Remove calls to those in the cadence-qspi driver.
Those helpers have two roles currently:
- They stop/start the queue, including dealing with the kworker.
- They toggle the SPI controller SPI_CONTROLLER_SUSPENDED flag. It
requires acquiring ctlr->bus_lock_mutex.
The cadence-qspi ->exec_op() implementation bumps the usage counter at
its start. It might therefore run our ->runtime_resume()
implementation. However, ctlr->bus_lock_mutex is acquired by
spi_mem_exec_op() while ->exec_op() is being called.
Here is a brief call tree highlighting the issue:
spi_mem_exec_op()
...
spi_mem_access_start()
mutex_lock(&ctlr->bus_lock_mutex)
cqspi_exec_mem_op()
pm_runtime_resume_and_get()
cqspi_resume()
spi_controller_resume()
mutex_lock(&ctlr->bus_lock_mutex)
...
spi_mem_access_end()
mutex_unlock(&ctlr->bus_lock_mutex)
...
The fatal conclusion of this is a deadlock: we acquire a lock on each
operation but while running the operation, we might want to runtime
resume and acquire the same lock.
Anyway, those helpers (spi_controller_{suspend,resume}) are aimed at
system-wide suspend and resume and should NOT be called at runtime
suspend & resume.
Side note: the previous implementation had a second issue. It acquired a
pointer to both `struct cqspi_st` and `struct spi_controller` using
dev_get_drvdata(). Neither embed the other. This lead to memory
corruption that was being hidden inside the big cqspi->f_pdata array on
my setup. It was working until I tried changing the array side to its
theorical max of 4, which lead to the discovery of this gnarly bug.

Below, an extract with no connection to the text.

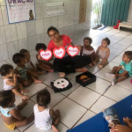 O Centro Educacional Infantil Gente Valente, localizado no Município de Sobradinho – BA, recebeu nos dias 11 e 13 de abril de 2022 mais uma iniciativa do Programa Escola Verde. Com o objetivo de trabalhar o período de páscoa, a integrante do PEV, Cristiane Maria, com o reaproveitamento de alguns materiais recicláveis desenvolveu objetos que remetem a esse período comemorativo. A atividade impactou aproximadamente 30 pessoas, entre crianças e educadoras, que participaram ativamente da confecção.

Fixes: 0578a6dbfe75 ("spi: spi-cadence-quadspi: add runtime pm support")
Fixes: 2087e85bb66e ("spi: cadence-quadspi: fix suspend-resume implementations")

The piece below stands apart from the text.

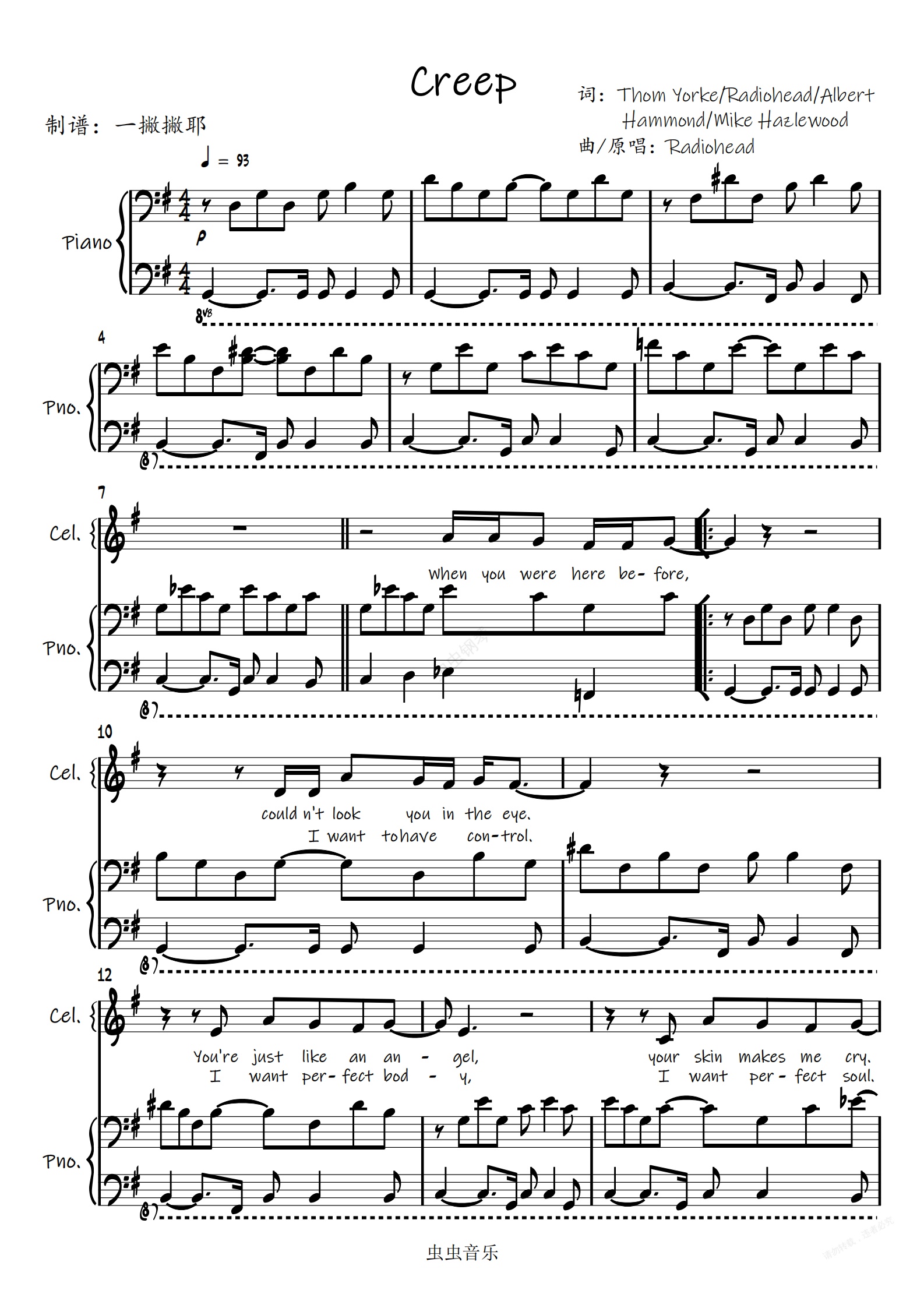 钢琴谱:Creep【弹唱谱】Radiohead电台司令「一撇撇耶」

Signed-off-by: Théo Lebrun <theo.lebrun@bootlin.com>
---
Hi,
This is a draft patch highlighting a serious bug in the
->runtime_suspend() and ->runtime_resume() implementations of
cadence-qspi. Seeing how runtime PM and autosuspend are enabled by
default, I believe this affects all users of the driver.
I've tried my best to be exhaustive in the commit message. Have I missed
something that could explain how the current implementations could have
been functional in the last few revisions of the kernel?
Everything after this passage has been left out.